Q2. If my guess is correct in Q1, with a two group CFA model with Bayesian estimation, I think that a model would be identified when (1) a variance and mean of the reference group is fixed to 1 and 0 , (2) and strong prior distributions are assigned to difference of only one factor loading and intercept (preferably of reference indicator). What do you think?
I recently asked Linda M. for an advice on how to define "approximate" in approximate measurement invariance. I use Bayesian estimations for the alignment.
Linda forwarded Tihomir's response:
- I would define approximate invariance as: non-invariance which is not statistically significant or is too small to be of practical importance, i.e., the differences between the parameters are either not statistically significant or too small in magnitude to be of practical significance.

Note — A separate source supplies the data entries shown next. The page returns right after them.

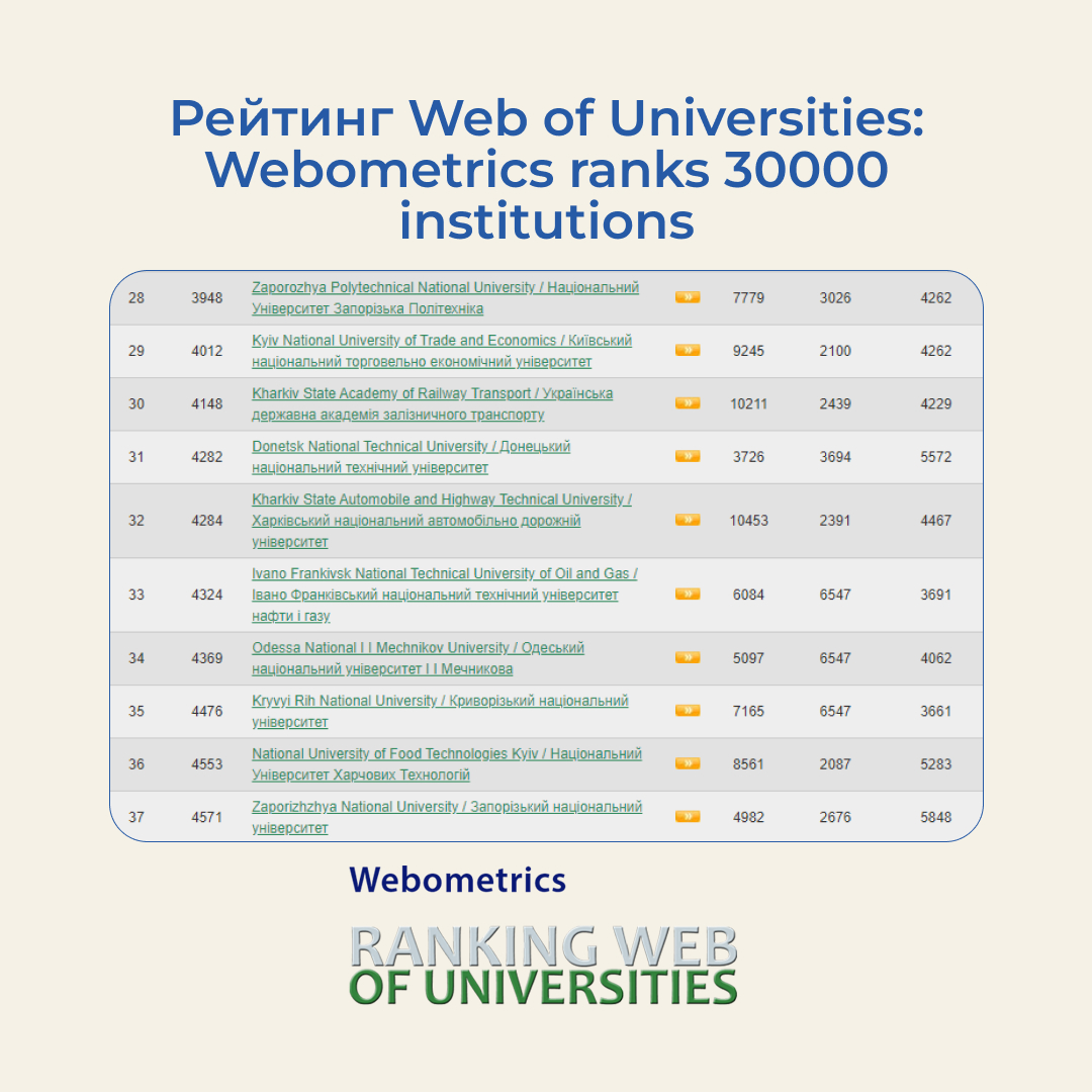 Традиційно у січні публікується оновлений рейтинг Webometrics Ranking of World Universities.
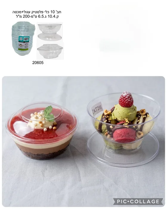 כלי פלסטיק עגול + מכסה 10 יח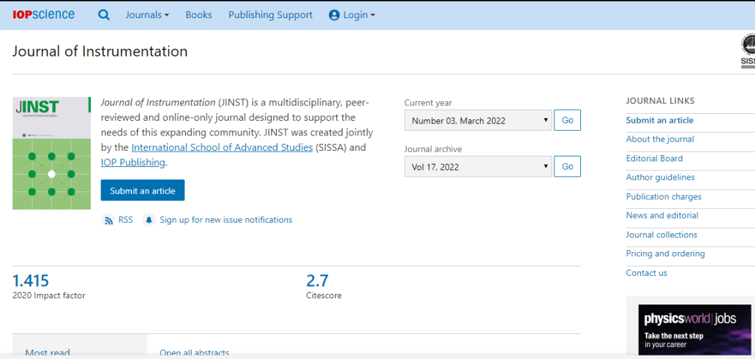 Journal of Instrumentation 的收稿范围,详情请阅读: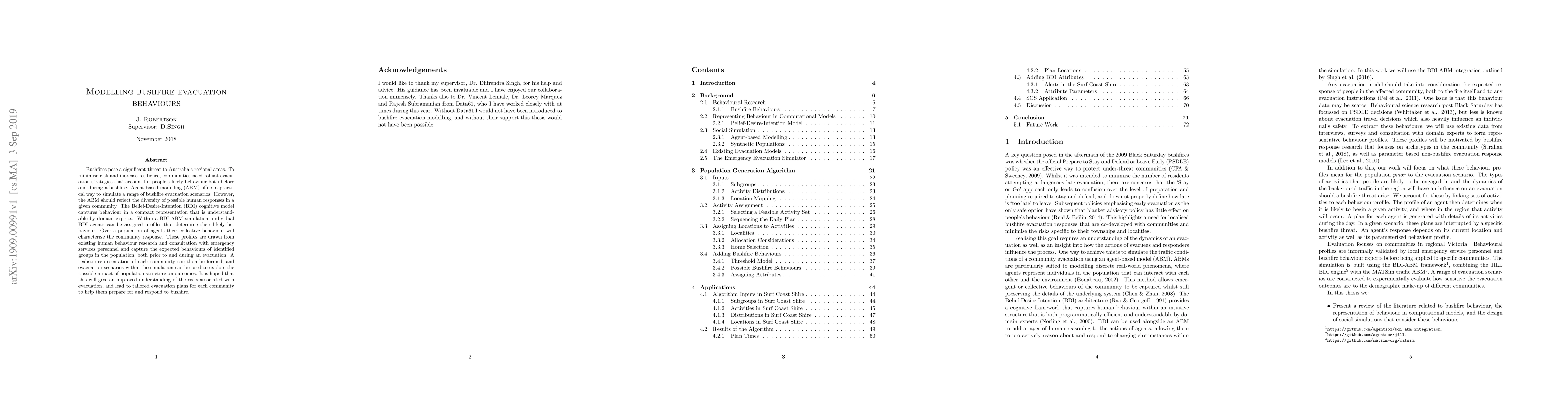 This research employs Agent-Based Modelling (ABM) using the Belief-Desire-Intention (BDI) cognitive model to simulate bushfire evacuation behaviors in Australian regional communities. By creating diverse agent profiles based on human behavior research and emergency services input, the study aims to understand how community structure impacts evacuation outcomes, leading to tailored evacuation plans for improved bushfire resilience.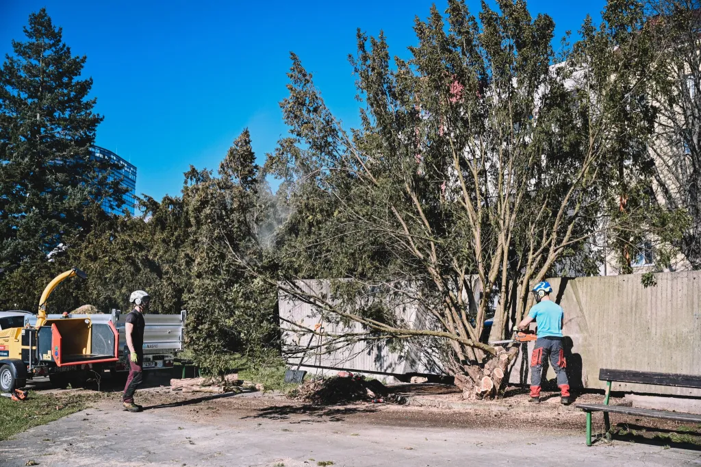 U Koruny v Hradci padl první strom, začíná velká proměna. Starý tis musel ustoupit opravám Galerie cti

Based on my experience with models using approximate measurement invariance, I still find it difficult to have a clear understanding of what is estimated to be "too smal in magnitude to be of practical significance" (as opposed to loadings that are estimated not to be approximately equal). Also, I don't think the reviewer of my paper would be satisfied with this explanation.
Do Tihomir or Bengt have an explanation that is short/clear enough to be used in a paper?
Due to multiple testing and uncertainty about what constitutes practical significance (which of course is subjective and can vary from person to person and application to application), we have used a complicated definition based on multiple tests and low p-values.
Note however - that this is all a by product of the alignment estimation, and the estimation does not depend on that definition. You can choose to define it and use it in a different way.
Our intent however was to define it as exactly that "non-invariance which is not statistically significant or is too small to be of practical importance".
This discussion is very similar in nature to the discussion of "approximate fit" in SEM.
On the other hand, it is conceivable that we need some precise cutoff values in standardized metric (something similar to how EFA cross loadings of less than 0.3 are often considered of lesser practical importance). That would be a good research paper. I don't have a value I can recommend at this point.